# What is expected
The response should repeat word for word every line below from the one with "Pegatinas del Mes" to the one with "Influence of patch", inclusive, and nothing else; leave pictures out.

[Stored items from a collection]
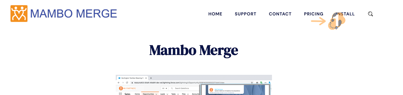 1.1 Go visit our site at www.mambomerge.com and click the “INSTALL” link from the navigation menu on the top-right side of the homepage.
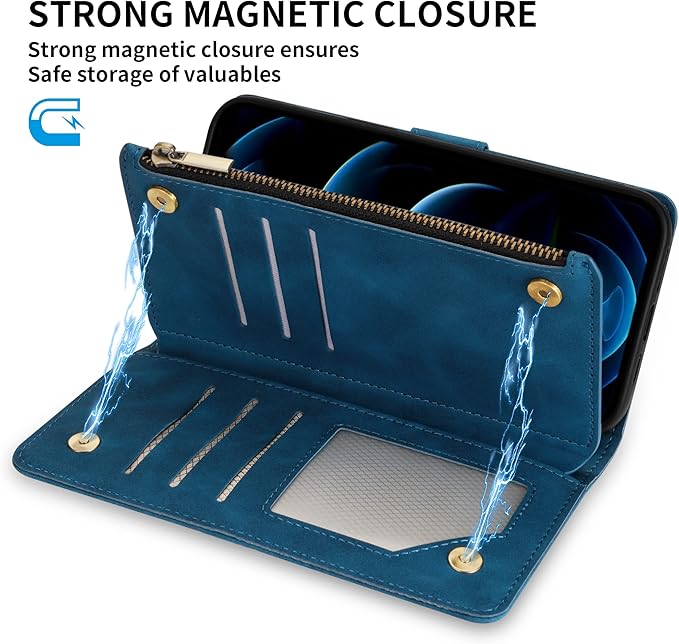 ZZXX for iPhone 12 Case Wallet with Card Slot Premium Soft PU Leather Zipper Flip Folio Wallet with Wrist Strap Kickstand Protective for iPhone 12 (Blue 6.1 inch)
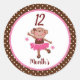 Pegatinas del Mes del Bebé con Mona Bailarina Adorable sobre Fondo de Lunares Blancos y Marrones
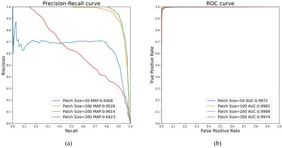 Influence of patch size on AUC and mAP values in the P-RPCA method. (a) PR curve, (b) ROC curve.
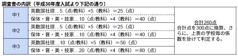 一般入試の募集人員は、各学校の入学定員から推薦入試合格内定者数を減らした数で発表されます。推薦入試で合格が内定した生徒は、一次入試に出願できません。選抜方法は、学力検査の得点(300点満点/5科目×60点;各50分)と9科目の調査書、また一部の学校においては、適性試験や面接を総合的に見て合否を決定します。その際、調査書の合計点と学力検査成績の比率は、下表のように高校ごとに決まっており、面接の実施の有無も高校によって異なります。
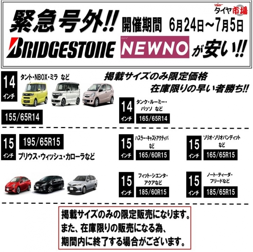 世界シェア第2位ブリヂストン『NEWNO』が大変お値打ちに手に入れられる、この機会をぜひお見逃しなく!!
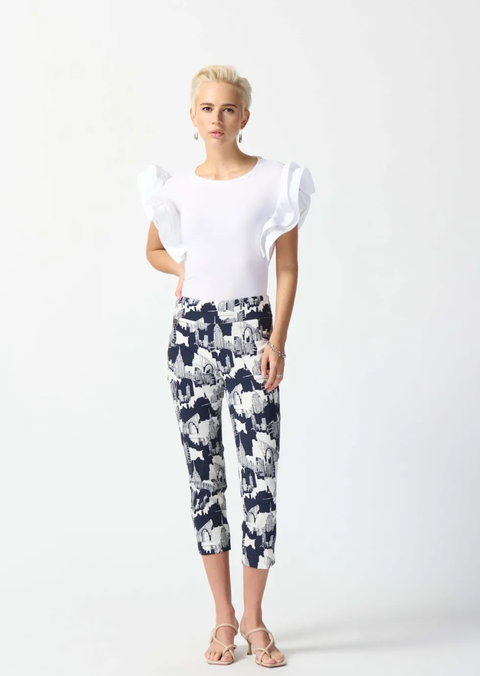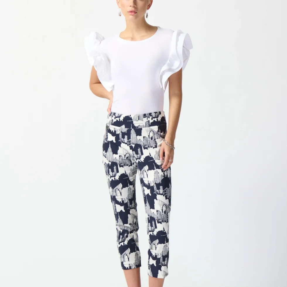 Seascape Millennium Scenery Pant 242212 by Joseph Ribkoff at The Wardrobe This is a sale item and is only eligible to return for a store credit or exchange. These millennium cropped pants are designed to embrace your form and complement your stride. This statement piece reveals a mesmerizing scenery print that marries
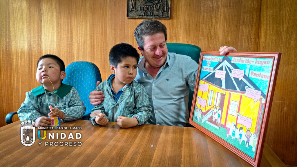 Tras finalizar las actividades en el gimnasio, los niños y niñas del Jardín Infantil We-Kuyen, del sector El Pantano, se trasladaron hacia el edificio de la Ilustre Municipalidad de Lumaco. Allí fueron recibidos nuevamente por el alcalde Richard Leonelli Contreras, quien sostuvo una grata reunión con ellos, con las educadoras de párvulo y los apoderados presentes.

# Output for this exercise
 Pegatinas del Mes del Bebé con Mona Bailarina Adorable sobre Fondo de Lunares Blancos y Marrones
 Influence of patch size on AUC and mAP values in the P-RPCA method. (a) PR curve, (b) ROC curve.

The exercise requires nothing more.